IssueSyncer.mjs#planBuckets (ai/services/github-workflow/sync/IssueSyncer.mjs:364-385):
for (const issue of combined.values()) {
let version = null;
if (issue.state === 'CLOSED') {
if (issue.milestone?.title) {
version = issue.milestone.title.startsWith(...) ? ... : ...;
} else if (issue.closedAt) {
const closed = new Date(issue.closedAt);
const release = (ReleaseNotesSyncer.sortedReleases || [])
.find(r => new Date(r.publishedAt) > closed);
if (release) {
version = ...;
}
}
}
}
Line 387-403: issue.oldVersion (v11.12.0) derived from cached path; version (v11.13.0) derived from fallback inference. They differ → WARN emits with "Dry-run review required" framing.
Sealed-chunk enforcement (line ~569-602) preserves the physical archive location (file stays at v11.12.0/) — good safety, but the WARN keeps firing because the metadata never captures the milestone.
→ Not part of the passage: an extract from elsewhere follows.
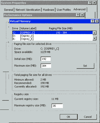 Кроме того, рекомендуется присвоить исходному размеру файла (Initial size) и его максимальному размеру (Maximum size) одно и то же значение. Это значение должно быть достаточно велико, чтобы обеспечить нормальный объем виртуальной памяти. Вначале можно установить размер, рекомендуемый по умолчанию, а затем, используя утилиту Performance Monitor, убедиться, не исчерпала ли система объем виртуальной памяти (и, что то же самое, файла подкачки). Присвоение исходному и максимальному размеру одного и того же значения предотвращает разрастание файла и замедление работы системы из-за необходимости поиска и выделения дополнительного пространства.
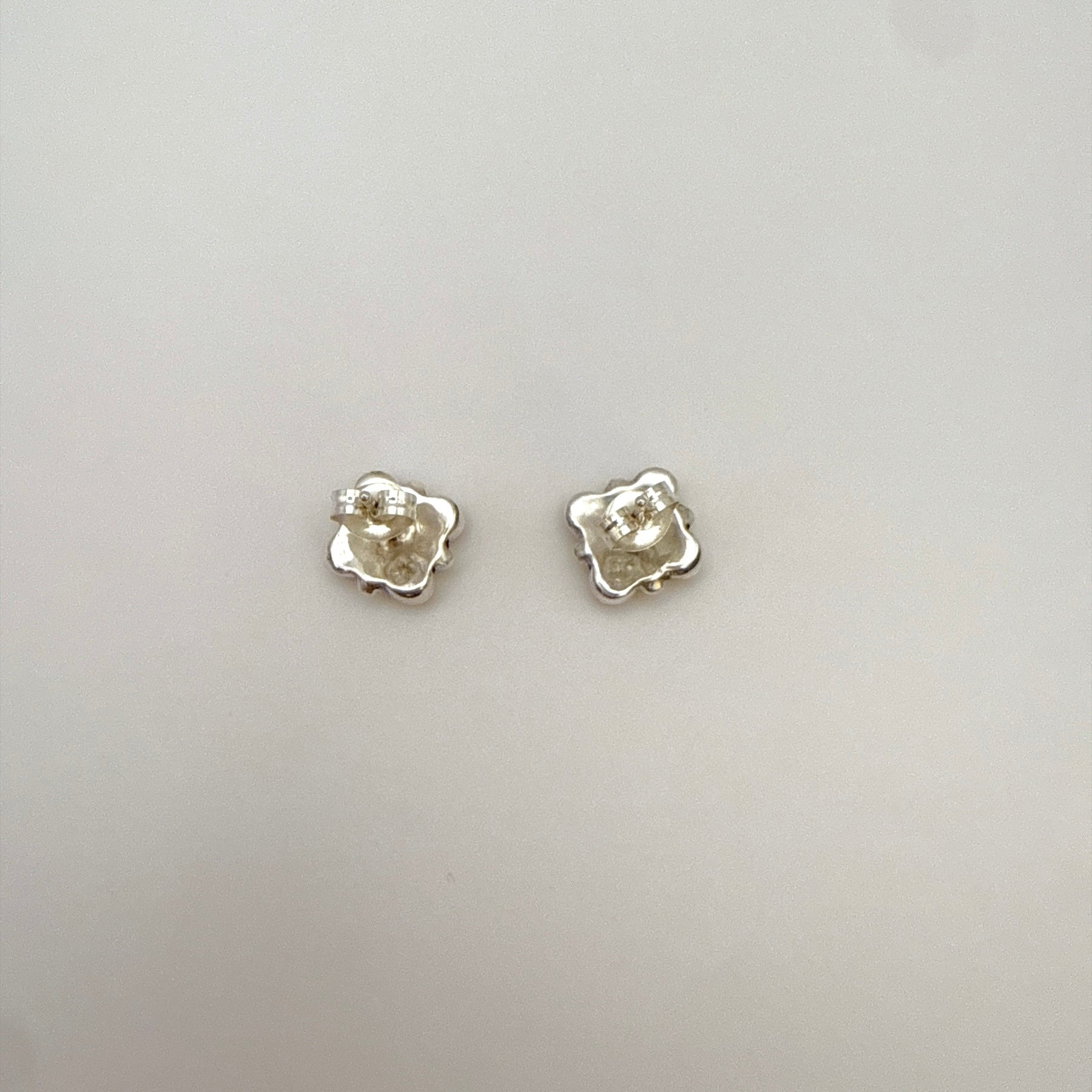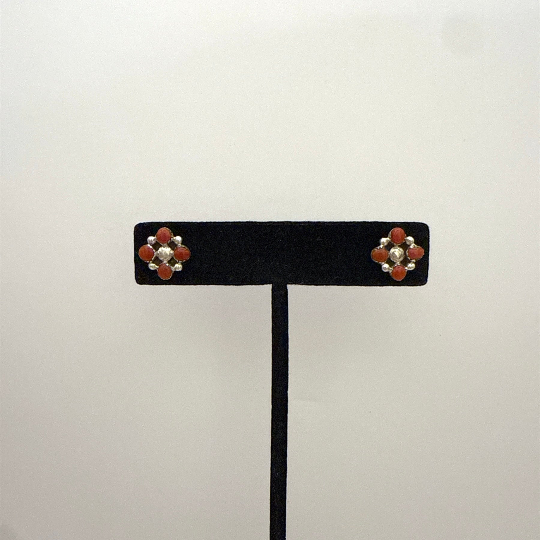 Sterling silver stud earrings set with four natural coral stones. Handmade by Zuni artist Maxine Malani, these petite studs bring a warm Southwestern touch to any look. Lightweight and perfect for everyday wear with secure post backs.

Why fallback inference is wrong-shape for this case
The fallback find(r => new Date(r.publishedAt) > closed) assumes release-publish-time monotonically aligns with which release contains a given issue. That assumption breaks when:
- An issue is closed BEFORE the release containing its fix is published (rare for routine issues; common for issues closed during release-cut window where the closing PR is already in the next-release branch).
- Releases are published in batches very close together (multiple releases in the same hour, as happened 2025-11-29: v11.12.0 at 11:32 + v11.13.0 at 12:34 + sibling releases earlier the same day).
For #7910 specifically: the PR that fixed #7910 landed in v11.12.0's release branch, but #7910 wasn't auto-closed until AFTER v11.12.0's release publish — so the timestamp-only inference computes the WRONG bucket.
The Architectural Reality
- Source of authority for
(issue, version) pairs: GitHub release-body content (the human-curated ## 📦 Full Changelog references) > GitHub milestone field > closedAt-timestamp-vs-release-publish-timestamp inference.
- Current syncer order: milestone field > closedAt-timestamp inference. Release-body content is NOT consulted.
- Metadata gap: milestone field isn't even captured in
.sync-metadata.json, so the highest-quality available signal is silently discarded.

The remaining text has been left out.